Re: [PATCH 0/3] clear_warn_once: add timed interval resetting

From: Petr Mladek
Date: Wed Dec 09 2020 - 11:38:02 EST


On Thu 2020-11-26 01:30:26, Paul Gortmaker wrote:
> The existing clear_warn_once functionality is currently a manually
> issued state reset via the file /sys/kernel/debug/clear_warn_once when
> debugfs is mounted. The idea being that a developer would be running
> some tests, like LTP or similar, and want to check reproducibility
> without having to reboot.
>
> But you currently can't make use of clear_warn_once unless you've got
> debugfs enabled and mounted - which may not be desired by some people
> in some deployment situations.
>
> The functionality added here allows for periodic resets in addition to
> the one-shot reset it already had. Then we allow for a boot-time setting
> of the periodic resets so it can be used even when debugfs isn't mounted.
>
> By having a periodic reset, we also open the door for having the various
> "once" functions act as long period ratelimited messages, where a sysadmin
> can pick an hour or a day reset if they are facing an issue and are
> wondering "did this just happen once, or am I only being informed once?"

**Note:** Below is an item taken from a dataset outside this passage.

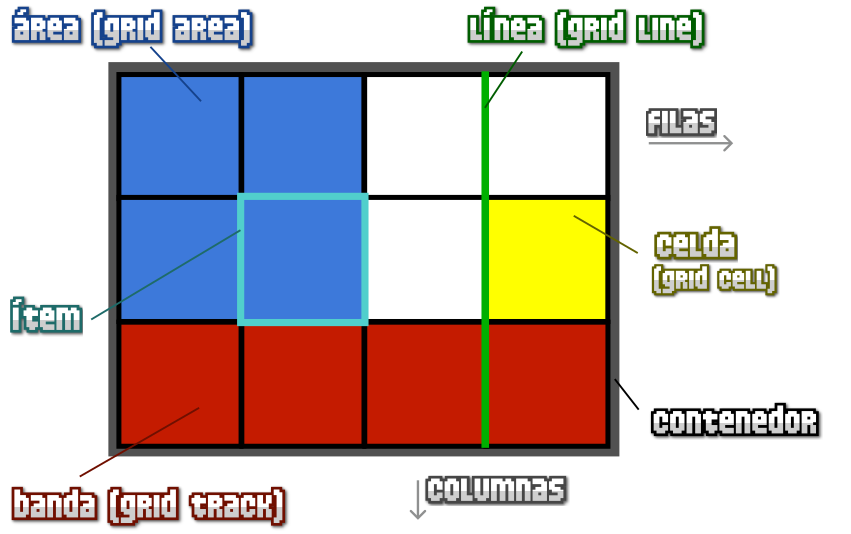 Se introducen algunos conceptos con CSS Grid y es una buena idea familiarizarse con el vocabulario: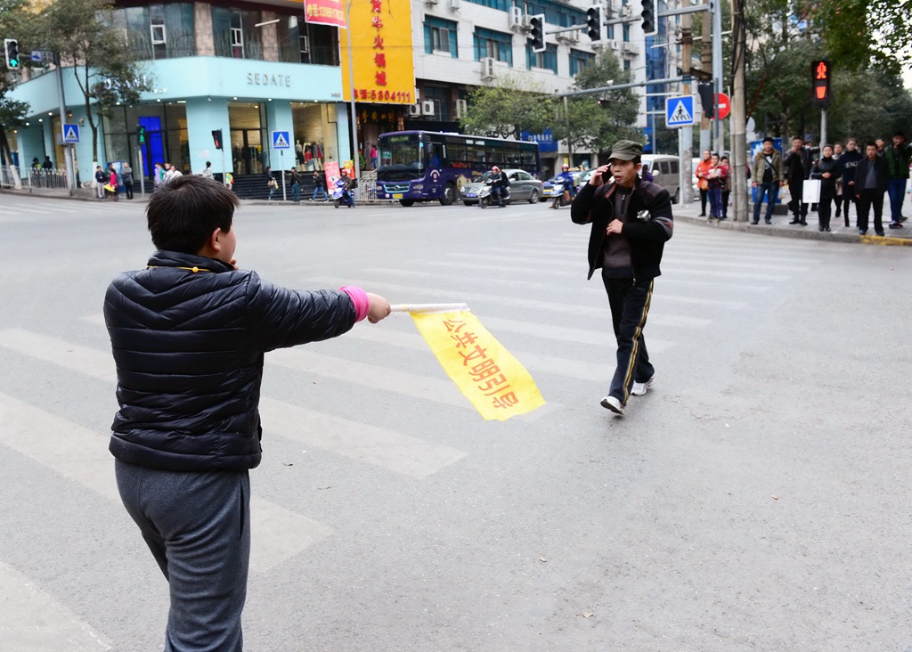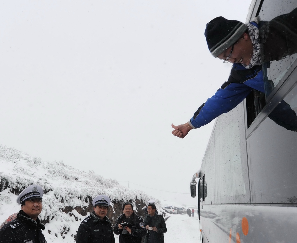 冰雪中交警顶瓜瓜

OK, I though more about it and I NACK this patchset.

My reason:

1. The primary purpose was to provide a way to reset warn_once() without
debugfs. From this POV, the solution is rather complicated: timers
and another kernel parameter.

2. I am not aware of any convincing argument why debugfs could not be
mounted on the debugged system.

3. Debugfs provides many more debugging facilities. It is designed for
this purpose. It does not look like a good strategy to provide
alternative interfaces just to avoid it.

4. There were mentioned several other use cases for this feature,
like RT systems. But it was not clear that it was really needed
or that people would really use it.

5. Some code might even rely on that it is called only once, see commit
dfbf2897d00499f94cd ("bug: set warn variable before calling
WARN()") or the recent
https://lore.kernel.org/r/20201029142406.3c46855a@xxxxxxxxxxxxxxxxxx

It should better stay as debugging feature that should be used with
care.


6. It creates system wide ratelimited printk().

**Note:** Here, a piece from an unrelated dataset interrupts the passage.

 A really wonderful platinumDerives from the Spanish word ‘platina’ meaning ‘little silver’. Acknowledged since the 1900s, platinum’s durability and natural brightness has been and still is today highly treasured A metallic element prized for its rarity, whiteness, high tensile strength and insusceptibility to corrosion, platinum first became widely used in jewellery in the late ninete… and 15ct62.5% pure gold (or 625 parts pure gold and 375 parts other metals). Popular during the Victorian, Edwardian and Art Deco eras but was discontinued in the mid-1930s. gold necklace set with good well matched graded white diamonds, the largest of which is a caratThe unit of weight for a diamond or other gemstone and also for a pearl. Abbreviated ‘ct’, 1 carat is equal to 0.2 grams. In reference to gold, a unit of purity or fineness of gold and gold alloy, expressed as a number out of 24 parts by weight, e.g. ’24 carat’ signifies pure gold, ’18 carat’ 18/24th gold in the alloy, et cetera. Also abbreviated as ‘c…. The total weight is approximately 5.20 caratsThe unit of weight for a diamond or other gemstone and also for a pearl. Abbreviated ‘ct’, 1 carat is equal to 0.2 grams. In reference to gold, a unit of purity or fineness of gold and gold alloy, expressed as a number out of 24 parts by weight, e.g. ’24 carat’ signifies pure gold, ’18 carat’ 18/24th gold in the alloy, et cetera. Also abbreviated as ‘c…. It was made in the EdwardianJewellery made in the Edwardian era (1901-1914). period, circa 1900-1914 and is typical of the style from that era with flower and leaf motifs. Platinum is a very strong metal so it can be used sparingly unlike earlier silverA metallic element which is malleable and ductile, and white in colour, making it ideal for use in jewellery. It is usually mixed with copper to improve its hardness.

We have printk_ratelimited() for this. And it is quite problematic.
It is supposed to prevent flood of printk() messages. But it does
not work well because the limits depend on more factors, like:
system size, conditions, console speed.

Yes, the proposed feature is supposed to solve another problem
(lack of messages). But it is a global action that would
re-enable >1000 messages that were limited to be printed
only once because they could be too frequent. As a result:

+ it might cause flood of printk() messages

+ it is hard to define a good system wide time limit;
it was even unclear what should be the lower limit.

+ it will restart the messages at some "random" point,
so that the relation of the reported events would
be unclear.

From the API point of view:

+ printk_ratelimited() is used when we want to see that a
problem is still there. It is per-message setting.

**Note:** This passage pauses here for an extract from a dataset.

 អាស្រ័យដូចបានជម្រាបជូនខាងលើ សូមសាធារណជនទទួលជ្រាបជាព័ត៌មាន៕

+ printk_once() is used when even printk_ratelimited() would
be too much. It is per-message setting.

+ The new printk_repeated_once() is a strange mix of this two
with the global setting. It does not fit much.


Best Regards,
Petr

PS: I did not answer your last mail because it looked like an endless
fight over words or point of views. I decided to make a summary
of my view instead. These are reason why I nacked it.

I know that there might be different views but so far no arguments
changed mine. And I do not know how to explain it better.